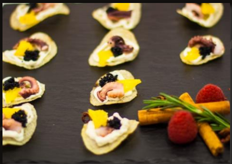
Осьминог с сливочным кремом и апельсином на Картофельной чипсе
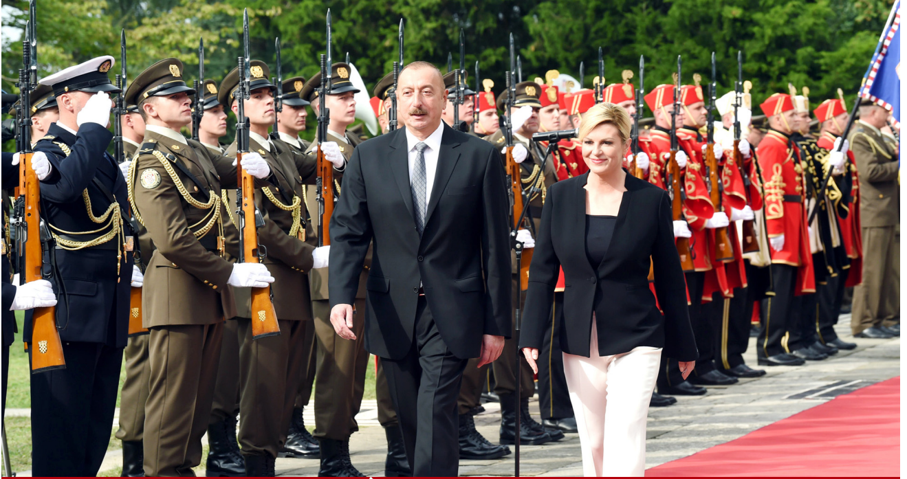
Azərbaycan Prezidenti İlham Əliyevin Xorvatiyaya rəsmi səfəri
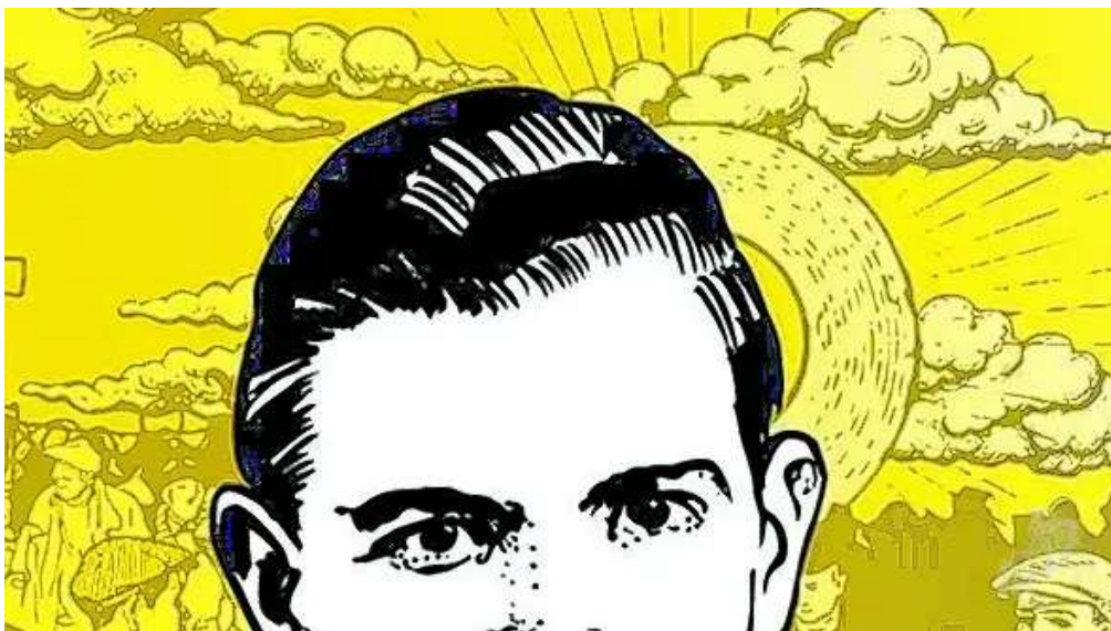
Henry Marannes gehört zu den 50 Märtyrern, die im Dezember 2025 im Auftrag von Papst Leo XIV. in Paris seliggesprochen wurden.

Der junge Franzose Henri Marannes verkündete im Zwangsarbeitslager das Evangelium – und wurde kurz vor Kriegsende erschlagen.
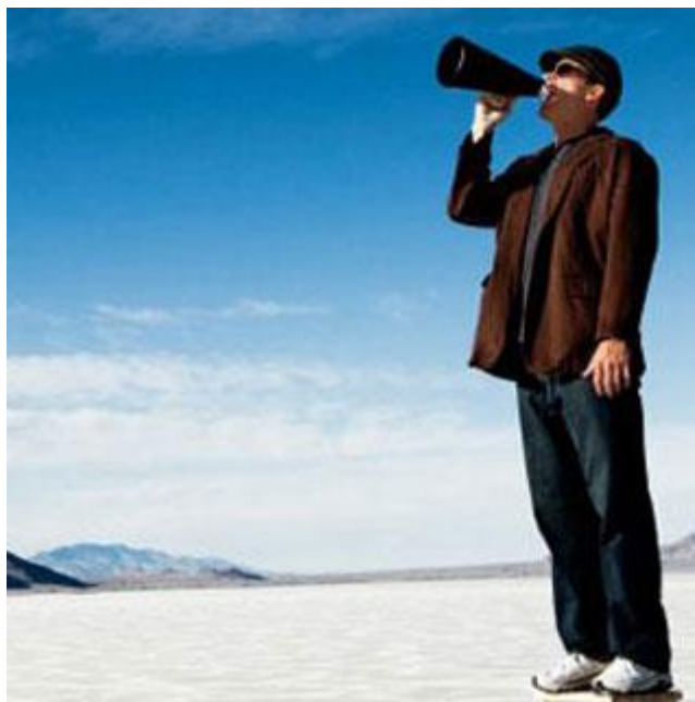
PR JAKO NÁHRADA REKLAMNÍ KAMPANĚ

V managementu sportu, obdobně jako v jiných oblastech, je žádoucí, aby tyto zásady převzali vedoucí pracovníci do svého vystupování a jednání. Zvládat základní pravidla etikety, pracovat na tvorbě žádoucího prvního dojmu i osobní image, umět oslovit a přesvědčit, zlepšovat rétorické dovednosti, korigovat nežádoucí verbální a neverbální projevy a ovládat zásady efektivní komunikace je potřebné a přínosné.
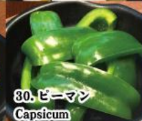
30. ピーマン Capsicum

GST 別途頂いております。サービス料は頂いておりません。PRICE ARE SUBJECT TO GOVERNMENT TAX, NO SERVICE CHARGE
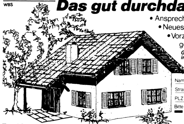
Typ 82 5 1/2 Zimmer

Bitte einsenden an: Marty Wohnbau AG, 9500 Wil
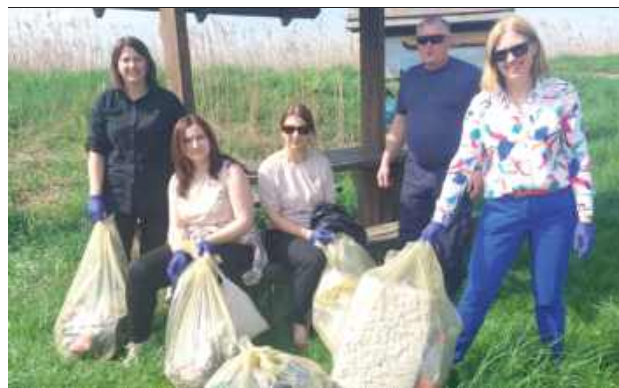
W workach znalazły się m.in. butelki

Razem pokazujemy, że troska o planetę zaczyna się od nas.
━━━━━━
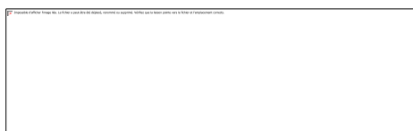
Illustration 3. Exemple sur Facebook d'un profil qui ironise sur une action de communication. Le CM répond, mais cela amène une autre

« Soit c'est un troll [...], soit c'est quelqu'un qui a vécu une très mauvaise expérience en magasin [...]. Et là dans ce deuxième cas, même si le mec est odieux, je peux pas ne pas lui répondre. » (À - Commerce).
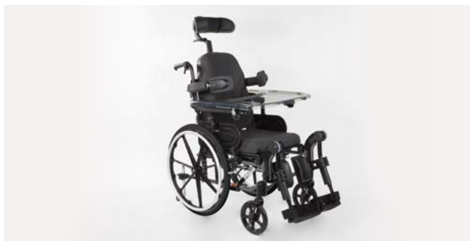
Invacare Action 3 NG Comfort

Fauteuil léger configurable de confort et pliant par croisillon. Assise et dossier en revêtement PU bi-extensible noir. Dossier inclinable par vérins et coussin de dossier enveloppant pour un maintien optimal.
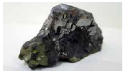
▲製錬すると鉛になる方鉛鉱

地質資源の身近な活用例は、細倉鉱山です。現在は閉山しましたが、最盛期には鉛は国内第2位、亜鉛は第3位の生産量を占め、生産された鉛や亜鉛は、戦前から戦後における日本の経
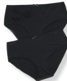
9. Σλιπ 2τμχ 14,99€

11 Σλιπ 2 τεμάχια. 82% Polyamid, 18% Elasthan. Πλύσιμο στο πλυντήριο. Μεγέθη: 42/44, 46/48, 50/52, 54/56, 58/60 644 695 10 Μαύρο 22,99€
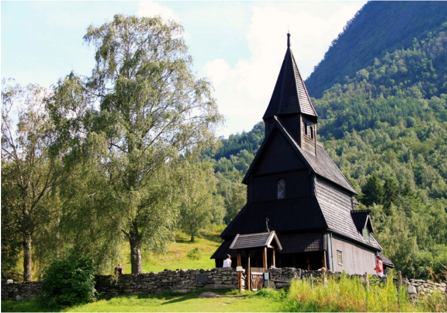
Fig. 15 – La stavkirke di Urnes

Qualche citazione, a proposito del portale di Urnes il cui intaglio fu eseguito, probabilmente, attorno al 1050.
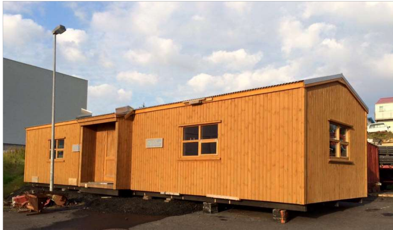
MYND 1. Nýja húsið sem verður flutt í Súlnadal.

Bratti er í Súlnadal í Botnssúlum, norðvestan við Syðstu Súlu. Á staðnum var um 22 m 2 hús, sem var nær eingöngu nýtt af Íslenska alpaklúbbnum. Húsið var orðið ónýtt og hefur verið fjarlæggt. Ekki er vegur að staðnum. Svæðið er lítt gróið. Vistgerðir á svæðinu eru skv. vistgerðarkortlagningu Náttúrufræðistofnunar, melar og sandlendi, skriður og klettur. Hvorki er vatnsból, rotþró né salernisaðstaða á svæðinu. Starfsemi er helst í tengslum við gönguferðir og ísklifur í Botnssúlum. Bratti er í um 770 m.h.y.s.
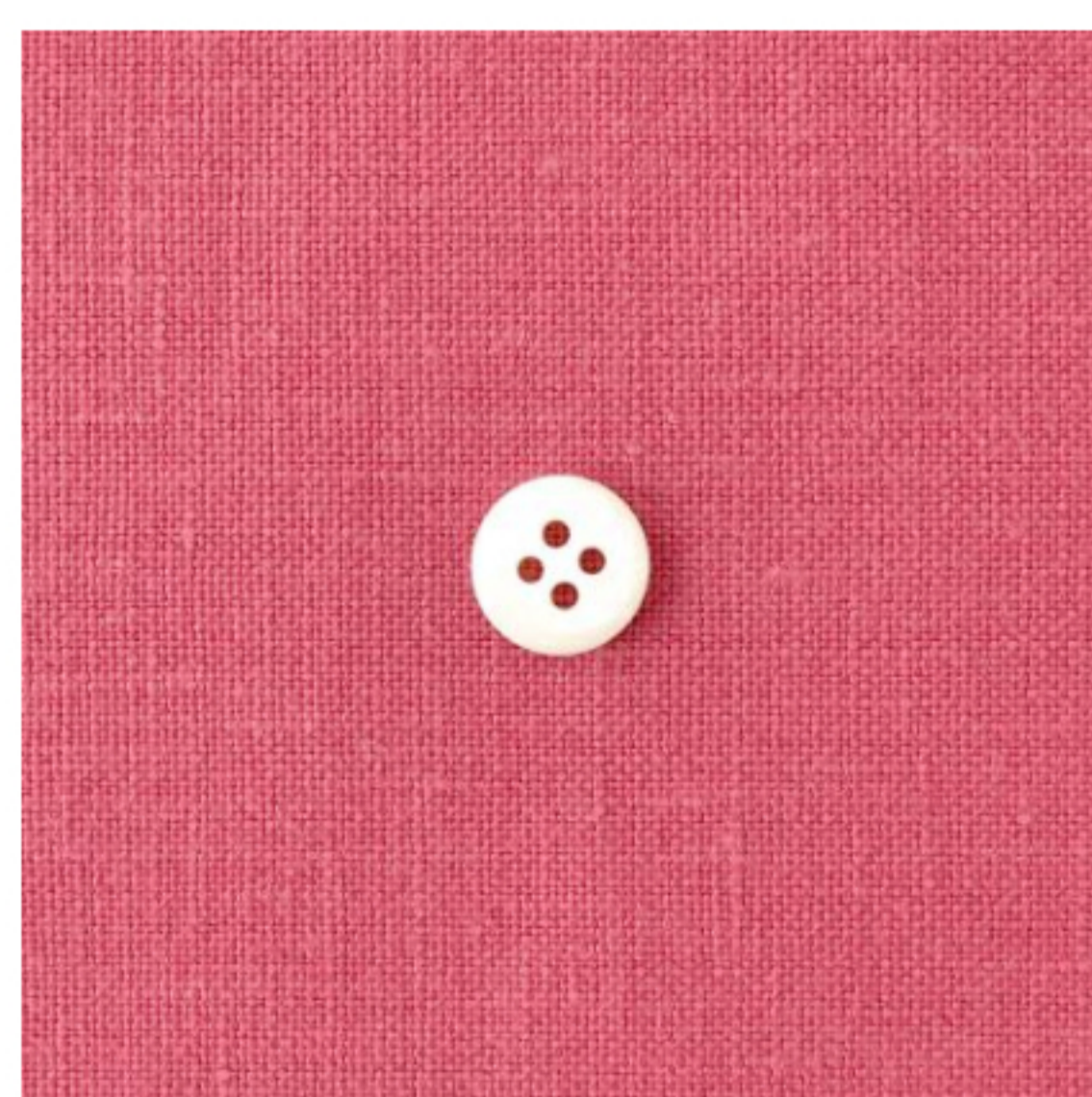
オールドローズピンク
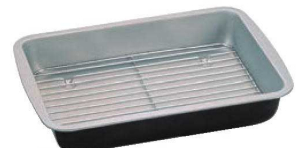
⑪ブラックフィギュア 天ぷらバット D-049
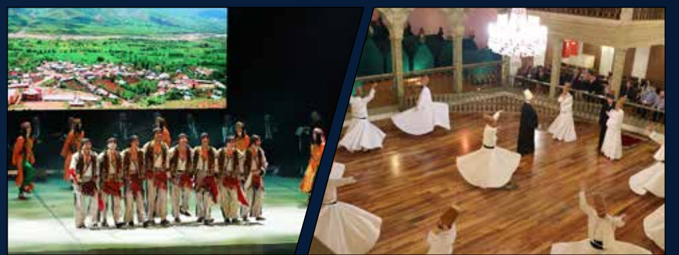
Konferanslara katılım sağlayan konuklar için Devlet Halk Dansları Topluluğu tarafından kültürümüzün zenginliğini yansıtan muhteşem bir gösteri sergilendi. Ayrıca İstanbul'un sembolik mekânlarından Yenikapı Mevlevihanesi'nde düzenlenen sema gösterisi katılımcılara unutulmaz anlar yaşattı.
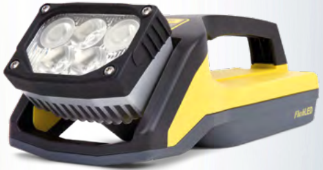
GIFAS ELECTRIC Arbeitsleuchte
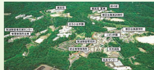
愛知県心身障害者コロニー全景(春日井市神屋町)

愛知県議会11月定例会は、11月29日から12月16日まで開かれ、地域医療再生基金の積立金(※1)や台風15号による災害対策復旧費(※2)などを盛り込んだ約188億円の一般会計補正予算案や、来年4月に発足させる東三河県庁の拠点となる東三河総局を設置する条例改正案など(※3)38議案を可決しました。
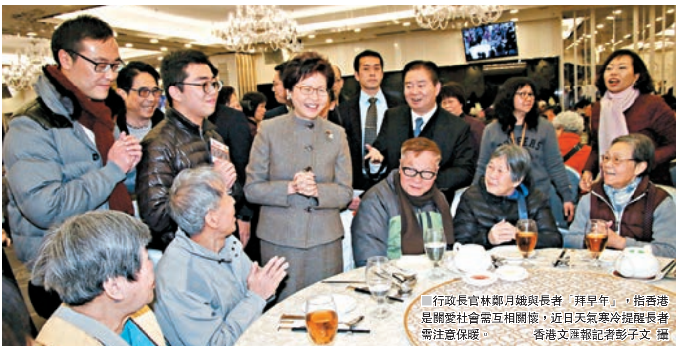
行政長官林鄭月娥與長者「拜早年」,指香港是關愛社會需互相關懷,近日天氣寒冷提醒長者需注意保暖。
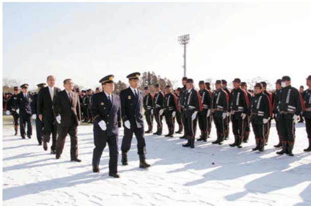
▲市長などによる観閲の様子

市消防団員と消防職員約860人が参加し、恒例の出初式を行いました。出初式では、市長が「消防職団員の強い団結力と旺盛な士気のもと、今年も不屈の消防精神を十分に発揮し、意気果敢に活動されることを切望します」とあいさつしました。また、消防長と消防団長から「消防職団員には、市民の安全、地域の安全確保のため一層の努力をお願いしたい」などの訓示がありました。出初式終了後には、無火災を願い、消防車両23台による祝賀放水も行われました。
━━━━━━
INSTRUCTIONS FOR THE TASK: Identify every line above that includes the word "Urnes", and show those lines.

RESPONSE AREA:
Fig. 15 – La stavkirke di Urnes
Qualche citazione, a proposito del portale di Urnes il cui intaglio fu eseguito, probabilmente, attorno al 1050.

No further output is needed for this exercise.